TRY IT: Give the data below again exactly as it stands. Omit the pictures.

-- SUPPLIED INFORMATION follows --

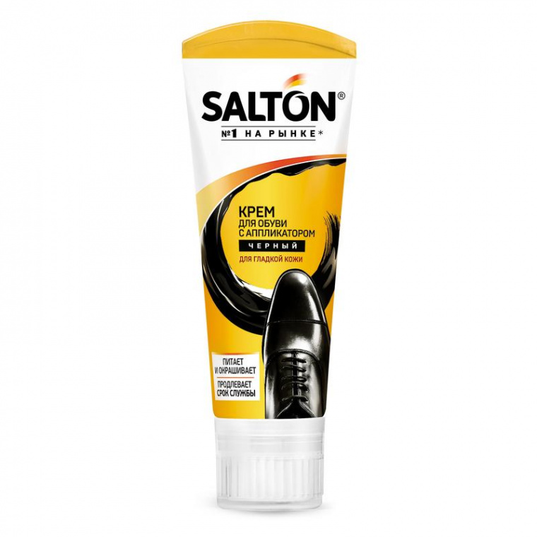 Крем для обуви «Salton» с поролоновым аппликатором восстанавливает цвет и смягчает кожу, придает блеск после полировки.
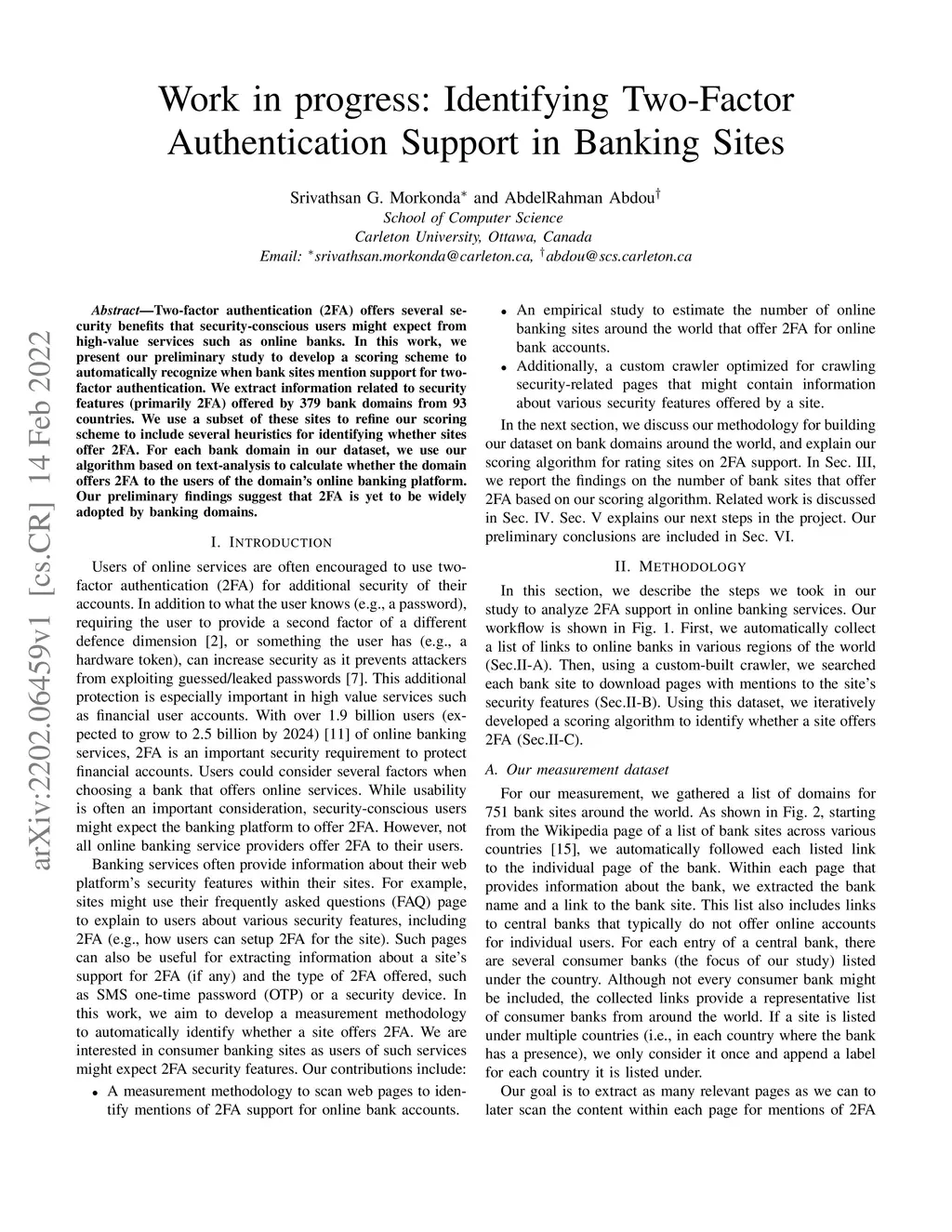 Two-factor authentication (2FA) offers several security benefits that security-conscious users might expect from high-value services such as online banks. In this work, we present our preliminary study to develop a scoring scheme to automatically recognize when bank sites mention support for two-factor authentication. We extract information related to security features (primarily 2FA) offered by 379 bank domains from 93 countries. We use a subset of these sites to refine our scoring scheme to include several heuristics for identifying whether sites offer 2FA. For each bank domain in our dataset, we use our algorithm based on text-analysis to calculate whether the domain offers 2FA to the users of the domain's online banking platform. Our preliminary findings suggest that 2FA is yet to be widely adopted by banking domains.
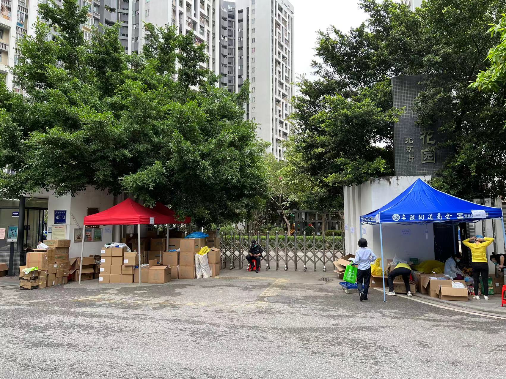 记者在现场看到,管控区域内的居民对大米、新鲜蔬菜、纸巾等需求量比较大,不时也有居民的家人朋友为他们送来物资。为了方便统一管理,管控区域仅设置了广氮北环街西门一个入口,物资只能从此入口送入。

-- SUPPLIED INFORMATION concluded --

RESPONSE:
 Крем для обуви «Salton» с поролоновым аппликатором восстанавливает цвет и смягчает кожу, придает блеск после полировки.
 Two-factor authentication (2FA) offers several security benefits that security-conscious users might expect from high-value services such as online banks. In this work, we present our preliminary study to develop a scoring scheme to automatically recognize when bank sites mention support for two-factor authentication. We extract information related to security features (primarily 2FA) offered by 379 bank domains from 93 countries. We use a subset of these sites to refine our scoring scheme to include several heuristics for identifying whether sites offer 2FA. For each bank domain in our dataset, we use our algorithm based on text-analysis to calculate whether the domain offers 2FA to the users of the domain's online banking platform. Our preliminary findings suggest that 2FA is yet to be widely adopted by banking domains.
 记者在现场看到,管控区域内的居民对大米、新鲜蔬菜、纸巾等需求量比较大,不时也有居民的家人朋友为他们送来物资。为了方便统一管理,管控区域仅设置了广氮北环街西门一个入口,物资只能从此入口送入。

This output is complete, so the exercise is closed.